Выбрать главу

Впрочем, ничего удивительного в этом нет: из Африки Вселенная видна немножко с другой стороны, чем, скажем, из Европы. А когда на что-то смотришь немножко с другой стороны, сделать вклад в науку не составляет большого труда.

«Шла бы ты читать в сад»,- ласково сказала Тине жена дяди Вали – тетя Нюра.

«Мне и здесь хорошо»,- ответила Тина и посмотрела на последний ящик.

Комод был огромный-преогромный, старинный-престаринный, сделанный, вероятно, еще во времена пожилого англичанина. Ящики в нем располагались тремя рядами, в каждом ряду по шесть штук. Итого – восемнадцать ящиков. Семнадцать Тина уже тайком перерыла.

Безрезультатно. Остался восемнадцатый.

«Я в магазин схожу,- сказала тетя Нюра.- Соли купить».

Она часто ходила покупать соль, потому что дядя

Валя любил, чтоб ему все солили: огурцы, помидоры, капусту, яблоки и даже морковь. Кроме того, он дополнительно посыпал солью все, что подавалось на стол: щи, картошку, кашу, яичницу из белка, мясо и даже хлеб – так густо, что тот казался заиндевелым. Соль вредила его организму, особенно почкам, которые он испортил, выучивая в институте Тинину маму, однако дядя Валя пренебрегал этим фактом, так как в данном случае отделить удовольствие от вреда не представлялось возможным.

«Куплю соль и вернусь»,- сказала тетя Нюра и ушла.

Тинин взгляд подскользнулся на странице, тело напряглось и стало негибким, несколько секунд Тина сидела, выжидая, затем бросила книгу на подоконник, подбежала к комоду и выдвинула последний ящик.

Сверху лежали жесткие накрахмаленные простыни, ниже – красные рубашки дяди Вали, а еще ниже уже ничего не было, только газета «Труд», постеленная на дно.

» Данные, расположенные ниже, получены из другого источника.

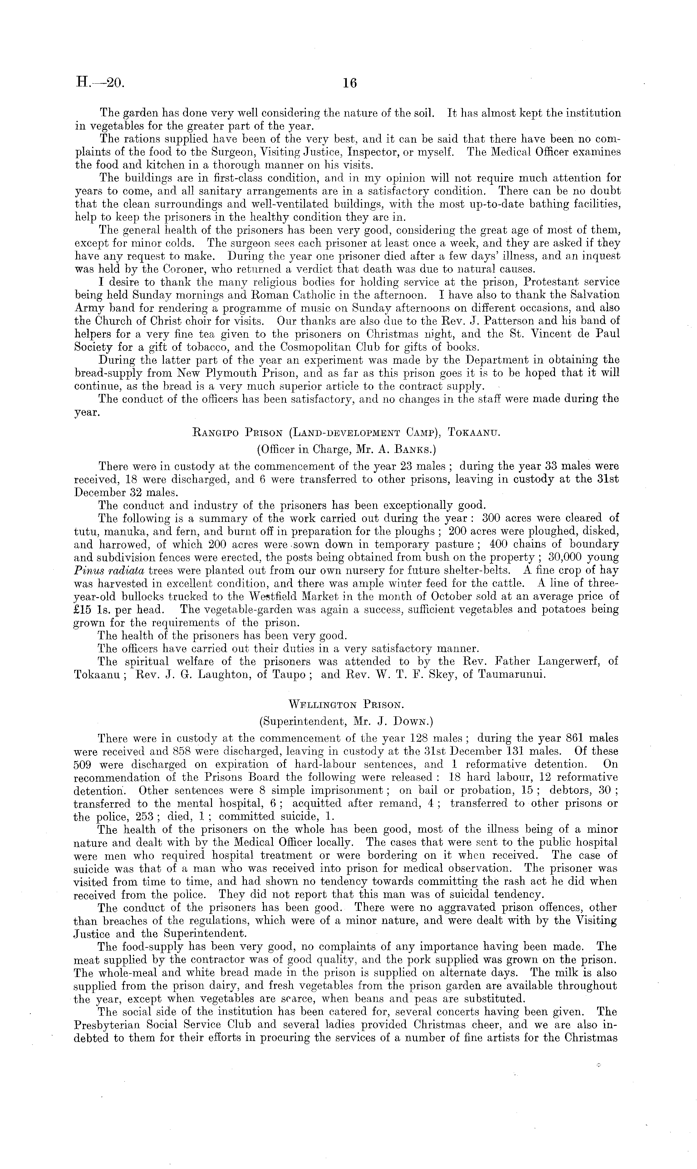The garden has done very well considering the nature of the soil. It has almost kept the institution in vegetables lor the greater part of the year. The rations supplied have been of the very best, and it can be said that there have been no complaints of the food to the Surgeon, Visiting Justice, Inspector, or myself. The Medical Officer examines the food and kitchen in a thorough manner on his visits. The buildings are in first-class condition, and in my opinion will not require much attention for years to come, and all sanitary arrangements are in a satisfactory condition. There can be no doubt that the clean surroundings and well-ventilated buildings, with the most up-to-date bathing facilities, help to keep the prisoners in the healthy condition they are in. The general health of the prisoners has been very good, considering the great age of most of them, except for minor colds. The surgeon sees each prisoner at least once a week, and they are asked if they have any request to make. During the year one prisoner died after a few days' illness, and an inquest was held by the Coroner, who returned a verdict that death was due to natural causes. I desire to thank the many religious bodies for holding service at the prison, Protestant service being held Sunday mornings and Roman Catholic in the afternoon. I have also to thank the Salvation Army band for rendering a programme of music on Sunday afternoons on different occasions, and also the Church of Christ choir for visits. Our thanks are also due to the Rev. J. Patterson and his band of helpers for a very fine tea given to the prisoners on Christmas night, and the St. Vincent de Paul Society for a gift of tobacco, and the Cosmopolitan Club for gifts of books. During the latter part of the year an experiment was made by the Department in obtaining the bread-supply from New Plymouth Prison, and as far as this prison goes it is to be hoped that it will continue, as the bread is a very much superior article to the contract supjtly. The conduct of the officers has been satisfactory, and no changes in the staff were made during the year. Rangipo Prison (Land-development Camp), Tokaanu. (Officer in Charge, Mr. A. Banks.) There were in custody at the commencement of the year 23 males ; during the year 33 males were received, 18 were discharged, and 6 were transferred to other prisons, leaving in custody at the 31st December 32 males. The conduct and industry of the prisoners has been exceptionally good. The following is a summary of the work carried out during the year : 300 acres were cleared of tutu, manuka, and fern, and burnt off in preparation for the ploughs ; 200 acres were ploughed, disked, and harrowed, of which 200 acres were-sown down in temporary pasture; 400 chains of boundary and subdivision fences were erected, the posts being obtained from bush on the property ; 30,000 young Pinus radiata trees were planted out from our own nursery for future shelter-belts. A fine crop of hay was harvested in excellent condition, and there was ample winter feed for the cattle. A line of three-year-old bullocks trucked to the Westfield Market in the month of October sold at an average price of £15 Is. per head. The vegetable-garden was again a success, sufficient vegetables and potatoes being grown for the requirements of the prison. The health of the prisoners has been very good. The officers have carried out their duties in a very satisfactory manner. The spiritual welfare of the prisoners was attended to by the Rev. Father Langerwerf, of Tokaanu ; Rev. J. G. Laughton, of Taupo ; and Rev. W. T. F. Skey, of Taumarunui. Wellington Prison. (Superintendent, Mr. J. Down.) There were in custody at the commencement of the year 128 males ; during the year 861 males were received and 858 were discharged, leaving in custody at the 31st December 131 males. Of these 509 were discharged on expiration of hard-labour sentences, and 1 reformative detention. On recommendation of the Prisons Board the following were released : 18 hard labour, 12 reformative detention. Other sentences were 8 simple imprisonment; on bail or probation, 15 ; debtors, 30 ; transferred to the mental hospital, 6 ; acquitted after remand, 4 ; transferred to other prisons or the police, 253 ; died, 1 ; committed suicide, 1. The health of the prisoners on the whole has been good, most of the illness being of a minor nature and dealt with by the Medical Officer locally. The cases that were sent to the public hospital were men who required hospital treatment or were bordering on it when received. The case of suicide was that of a man who was received into prison for medical observation. The prisoner was visited from time to time, and had shown no tendency towards committing the rash act he did when received from the police. They did not report that this man was of suicidal tendency. The conduct of the prisoners has been good. There were no aggravated prison offences, other than breaches of the regulations, which were of a minor nature, and were dealt with by the Visiting Justice and the Superintendent. The food-supply has been very good, no complaints of any importance having been made. The meat supplied by the contractor was of good quality, and the pork supplied was grown on the prison. The whole-meal and white bread made in the prison is supplied on alternate days. The milk is also supplied from the prison dairy, and fresh vegetables from the prison garden are available throughout the year, except when vegetables are scarce, when beans and peas are substituted. The social side of the institution has been catered for, several concerts having been given. The Presbyterian Social Service Club and several ladies provided Christmas cheer, and we are also indebted to them for their efforts in procuring the services of a number of fine artists for the Christmas
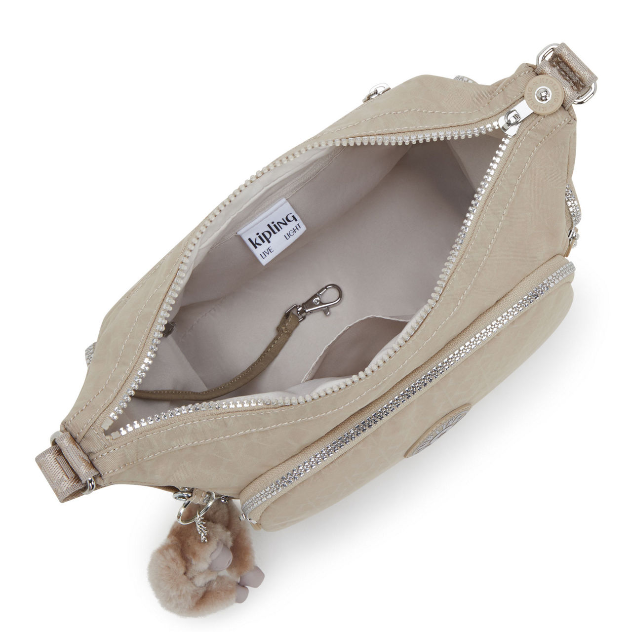 - Top zip-fastening closure, adjustable strap, one zipped outside front pocket, one zipped outside back pocket, two zipped outside side pockets, smaller version of Gabb, rubberised logo to the front, hanging Monkey keycharm
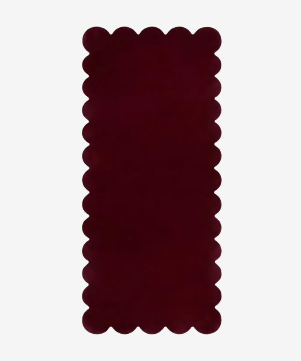 Ruby Ember rug draws inspiration from deep berry shades and twilight’s glow. Its warm red plum color and gracefully scalloped edges add a bold touch to hallways and extended corridors. This bold rug offers dramatic flair while keeping a cozy, expressive, and contemporary vibe, which makes it perfect for stylish entryways, modern homes, and inviting statement interiors.
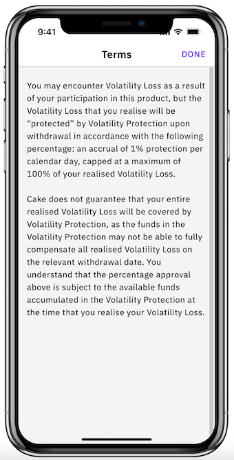- Nagrody będą wypłacane co 24 godziny, pomniejszone o opłaty Cake DeFi, z których stały procent zostanie przekazany do puli ochrony przed zmiennością. Nagrody te będą w tym samym typie kryptowaluty, którą przydziela użytkownik i będą dostępne w Twoim „SALDA”.

Тина приподняла газету. Под нею лежала – изображением вверх – фотография несостоявшегося экономиста, ныне штатного исполнителя главных ролей в областном театре оперетты, Тининого двоюродного брата, которого она знала только по такой же фотографии, присланной когда-то дядей Валей ее маме и ей, Тине, на память.

Тина приподняла фотографию.

Письмо. Старый дряхлый конверт с пожелтевшими краями. Тина приподняла конверт…

Вот! Сердце ее заколотилось, хлопнула калитка, тетя Нюра вернулась с солью, вошла в комнату,- Тина по-прежнему сидит на стуле у окна, кулак ее не пуст, прикрыт книгой, она успела взять что надо и теперь снова читает о приключениях пожилого англичанина в стране негров, ничего, правда, не понимая, хотя дальше там происходят очень интересные события: одного из проводников хватает поперек туловища крокодил, но звучит меткий выстрел пожилого англичанина, и прожорливый хищник сражен наповал.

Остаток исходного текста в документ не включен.